Nach ständiger Rechtsprechung des Obersten Gerichtshofs (RIS-Justiz RS0112502) müssen sich neu hinzukommende Nachbarn grundsätzlich mit der im Gebiet vorherrschenden Immission abfinden, zumal in immissionsbelasteteren Gebieten auch die Grundstückspreise entsprechend niedriger sind. Dies gilt auch dann, wenn im Zeitpunkt des Liegenschaftserwerbs eine Zunahme der Immissionen objektiv bereits voraussehbar war (2 Ob 57/09k ecolex 2010, 1033 [Pestal-Czedik-Eysenberg/Bernegger]). Bei gesundheitsschädlichen Immissionen (auf solche beruft sich der Kläger im vorliegenden Verfahren) besteht eine Duldungspflicht zwar nur dann, wenn die Duldung in Kenntnis der Gesundheitsschädlichkeit erfolgt; dabei ist nicht subjektiv auf den Kenntnisstand des Erwerbers abzustellen, sondern darauf, ob einem durchschnittlich sorgfältigen Erwerber die Gesundheitsschädlichkeit der Immission erkennbar gewesen wäre. Ist dies der Fall, dann muss der Erwerber auch eine gesundheitsschädliche Immission als ortsüblich dulden. Das Abstellen auf den durchschnittlich sorgfältigen Erwerber bedeutet aber nicht, dass gesundheitsschädliche Immissionen ortsüblich sein könnten; es besteht lediglich eine Duldungspflicht in dem Sinn, dass der Erwerber einer von Immissionen betroffenen Liegenschaft auf eigene Gefahr handelt und deshalb jene Nachteile, die aus der Immission erfolgen, hinnehmen muss (2 Ob 7/00v). Dem Kläger obliegt es dabei zu behaupten und zu bescheinigen, dass auch einem durchschnittlich verständigen Erwerber die Gesundheitsschädlichkeit nicht erkennbar gewesen sei (2 Ob 57/09k).

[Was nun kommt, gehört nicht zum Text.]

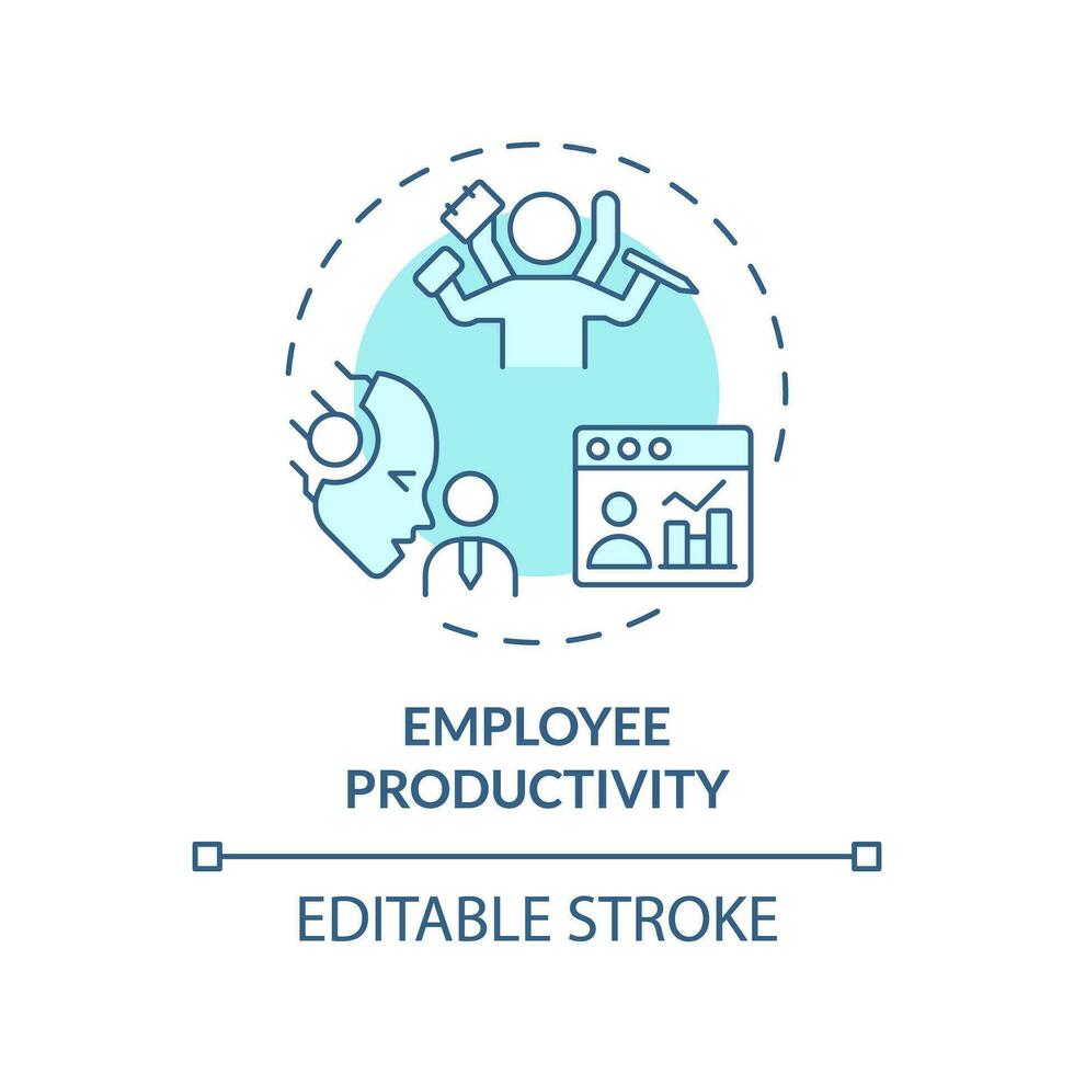 2D editable blue employee productivity icon, monochromatic isolated vector, thin line illustration representing cognitive computing. Pro Vector

Diese zuletzt zu einer Eisenbahnanlage vertretenen Grundsätze (2 Ob 57/09k) lassen sich zwanglos auch auf Flugplätze anwenden. Für einen „durchschnittlich sorgfältigen Erwerber“ einer in einem Abstand von 14 km zu einem Stadtflughafen situierten Liegenschaft wäre es durchaus vorhersehbar gewesen, dass dessen Immissionen nicht nur üblich (voraussehbar, normal) zunehmen, sondern sich auch plötzlich verändern können (siehe wiederum 2 Ob 57/09k), etwa durch die Neuanordnung von Flugrouten; Gegenteiliges macht der Kläger im Revisionsverfahren jedenfalls nicht geltend.

Im Übrigen erscheint die von den Vorinstanzen festgestellte Überflugsfrequenz von nicht einmal zwei Flugzeugen täglich unter dem Gesichtspunkt der Zumutbarkeit und vor dem Hintergrund, dass bereits vor 2008 Flugverkehr über Schleißheim stattfand, nicht auffällig.

3. Damit war die Revision zurückzuweisen.

Die Entscheidung über die Kosten des Revisionsverfahrens gründet sich auf §§ 41, 50 ZPO. Die Beklagte hat in der Revisionsbeantwortung auf die Unzulässigkeit der Revision hingewiesen. Der Schriftsatz ist daher als zur zweckentsprechenden Rechtsverteidigung notwendig anzusehen.